# coral



## papap (Aug 3, 2008)

Someone gave me a chunk of hard rock coral. It looks something like a brain. LOL Is it ok to put it in my aquarium??? Tried to post picture but I must be doing something wrong. It well not let me put it on here.


----------



## Cody (Dec 22, 2007)

Brain Coral? Lol. resemble this at all?









It should be "safe" to put in the tank, but we need to make sure it will actually thrive. 
What kind of Lighting do you have?
How long has the tank been set-up for, and how big is it?
What other inhabitants do you have in the tank?


----------



## papap (Aug 3, 2008)

It has been dead for years.
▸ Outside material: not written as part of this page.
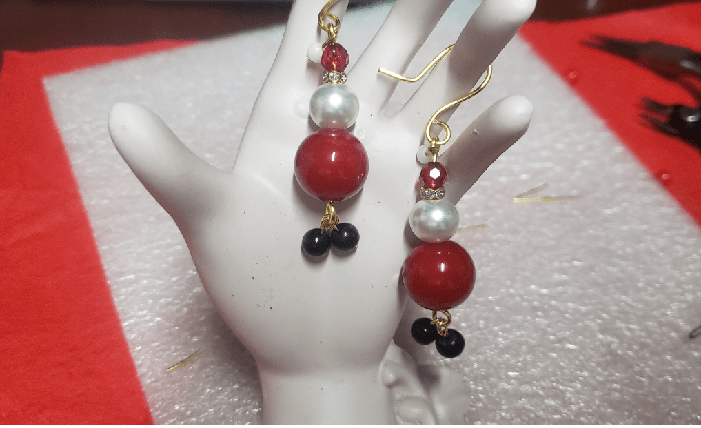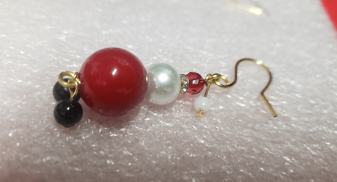 Observa los aretes manzana bordados en piedras con oro golfi, lucen coloridos, bonitos y no tienen mucho peso pues las piedras que usamos son livianas
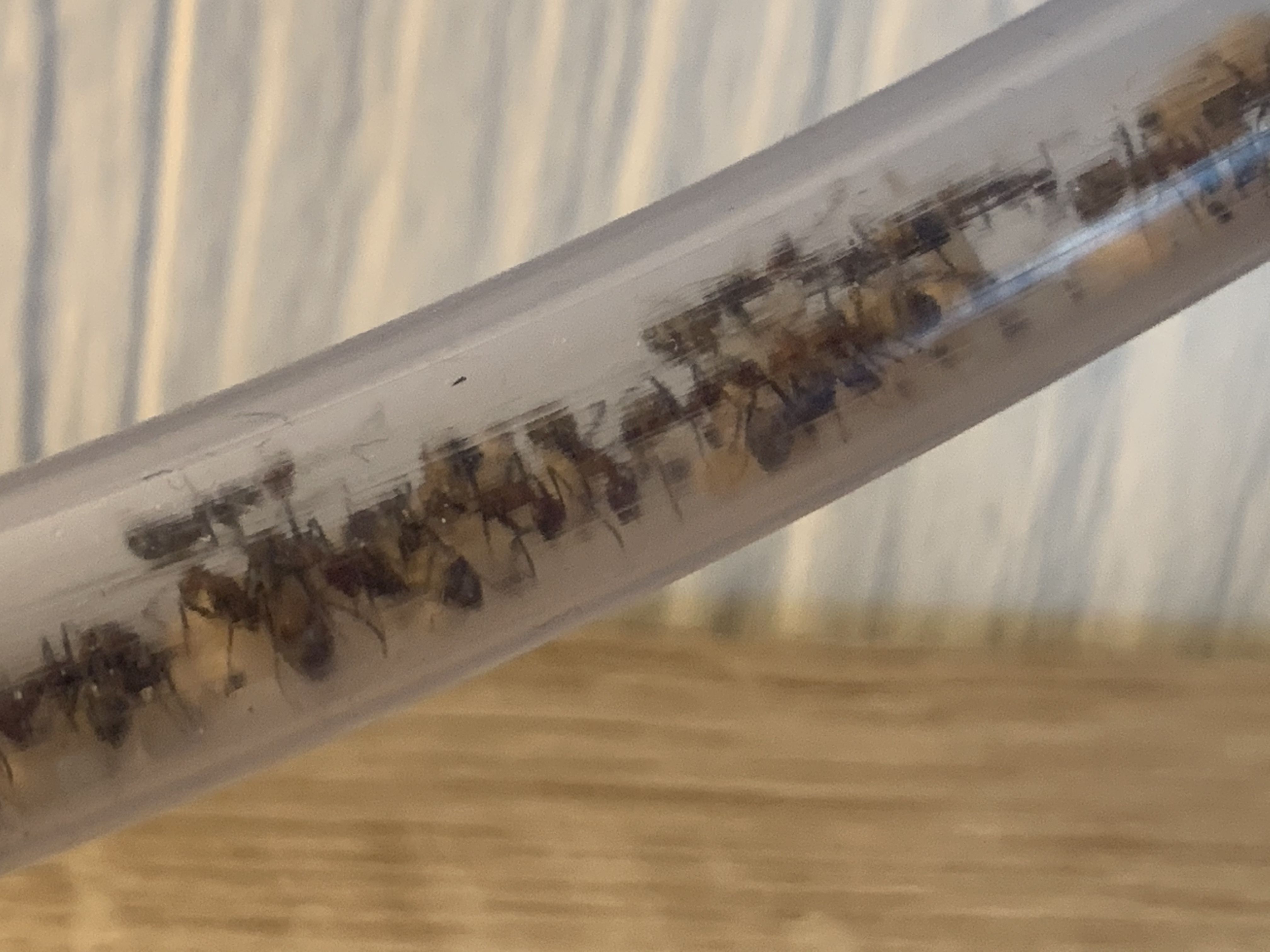 Seit zwei bis drei Tagen haben meine Camponotus nicobarensis angefangen diePuppen vom Nest in den Schlauch zu transportieren und dort zu lagern!

It is as hard as stone and is solid white. I was just wondering if I could use it as rock? It is the size of a small basketball. The guy at the pet shop said it would be ok but to bleach it for 2 days, chaning the water each day. Does this sound right?


----------



## Cody (Dec 22, 2007)

Oh, thats fine for a tank then.

Not sure about the bleaching part, though. I would just put it in the tank (if it came from a safe source). The bleach may be bad, though.


----------



## SKAustin (Aug 1, 2006)

50/50 bleach and water is ok, but you must let it dry completely afterwards, before it goes into the tank. all of the bleach must evaporate or it could have dire consequences


----------